試合のあと、わたしたちは一足先に帰ることになった。
稜ちゃんの試合のほかに、今日はわたしの誕生日でもあるんだ。
夜には稜ちゃんたちも呼んで、6人でわたしの誕生日パーティー。
パーティーしたら稜ちゃんの機嫌も直るかな? なんて。
帰り道で試合の感想を言い合う両親たちに挟まれながら、わたしの心はもうパーティーのことに切り替わっていた。
でも・・・・。
お昼を過ぎても夕方になっても、稜ちゃんは家に帰らなかった。
1つ大人になったくせに、稜ちゃんのお母さんに大人振って「いいよ」なんて言ったくせに、わたしはやっぱり子どもだった。

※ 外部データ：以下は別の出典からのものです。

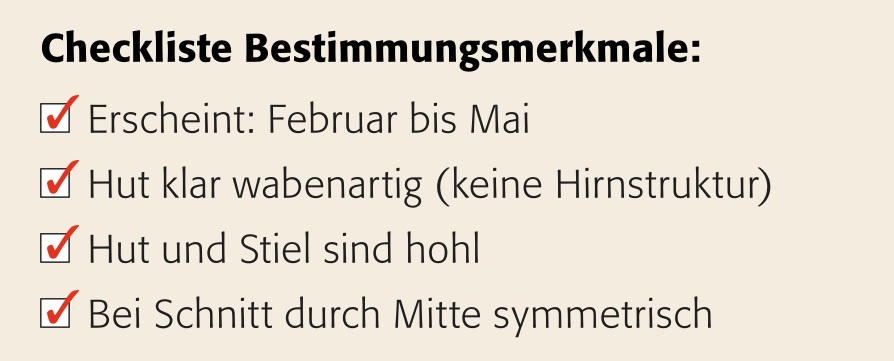 Gemäss einer überlieferten Regel kündigt der erste Donner im April die Morcheln an. Dann ist es jedoch in der Regel zu spät. Bei günstigen Bedingungen ist der erfahrene Morcheljäger bereits Ende Februar auf der Hut und glast den Waldboden konzentriert nach den wabenartigen Hüten ab. Die Morchel ist wie der Leopard eher selten. Der Preis für die Mühe ist Pilz[1]genuss vom Feinsten, nur die Krause Glucke reicht in Tiefe und Intensität an die Morchel heran.
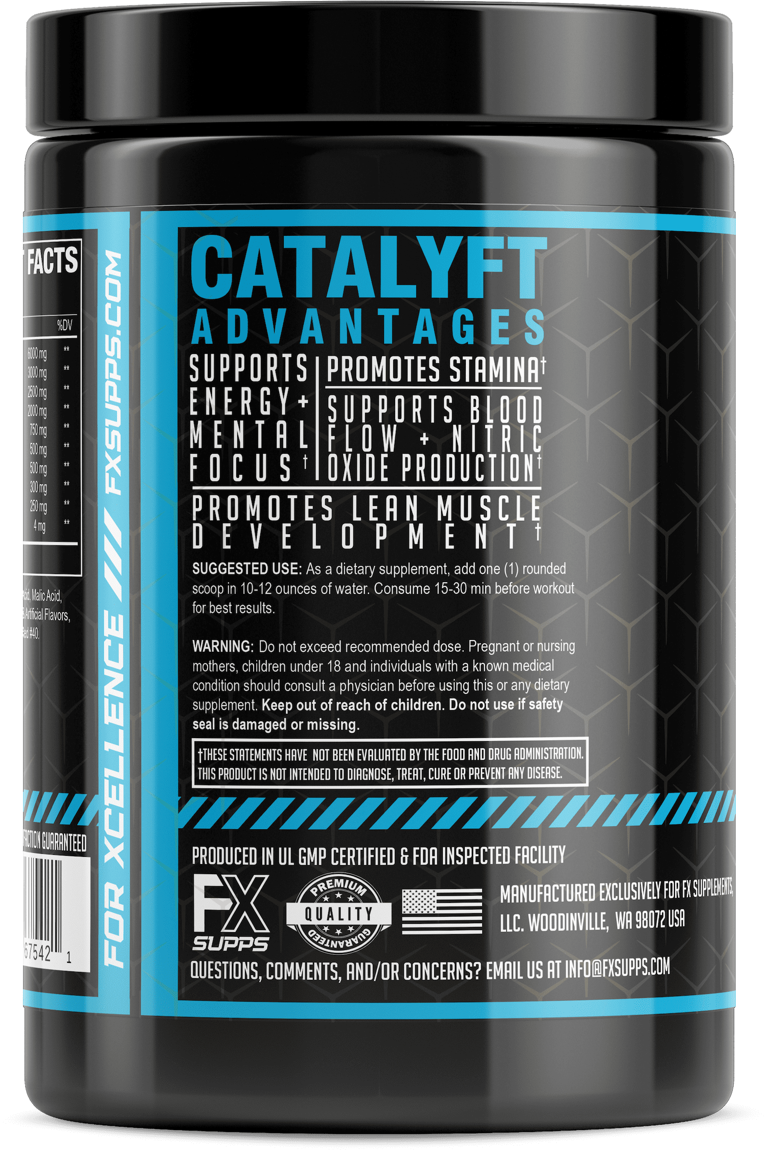 Catalyft is FX Supplements essential pre-workout energy supplement and main stitch in our products. Our pre-workout powder is an authentic and transparent label, which means no proprietary blends or fillers. The product is fast-acting with an instant body reaction with the product coming in with about 250 mg of caffeine. . Our Catalyft pre-workout supplement is a rich source of nutrition that gives you unsurpassed energy to fuel your workouts to achieve the next level without the crash. Catalyft provides a perfect balance of endurance, strength, focus, and energy. KEY FEATURES: •Improves athletic endurance •Promotes blood circulation for optimal pump •Increases strength gains and muscle development
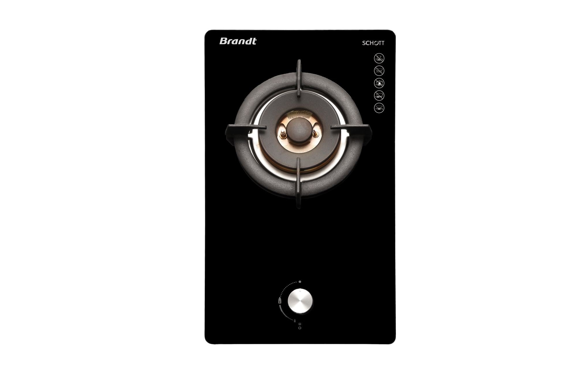 All Brandt gas hobs come with a thermocouple safety device that is activated whenever the gas hob is turned on. In case of accidental extinction of the flame, the gas supply is immediately switched off to prevent gas leakage.
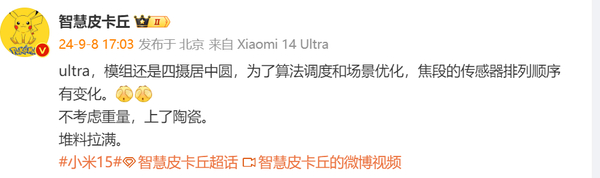据悉,小米15 Ultra模组设计延续四摄居中圆形布局,焦段传感器排列顺序有所调整以优化算法与场景表现。新机还将提供陶瓷版本(不计重量考量)。博主表示,小米15 Ultra堆料拉满。

自分のパーティーに浮かれて、稜ちゃんの気持ちを考えてあげられなかったんだ。
どんな気持ちで今日の試合を戦っていたか、どうして負けたときみたいな顔をしていたか・・・・。
子どもで鈍感だったわたしは、お母さんと稜ちゃんのお母さんが話す声を聞くまで、家に帰っていないことさえ知らなかった。
ごめん、稜ちゃん。
でも、どんな誕生日プレゼントをもらうよりも嬉しかったよ。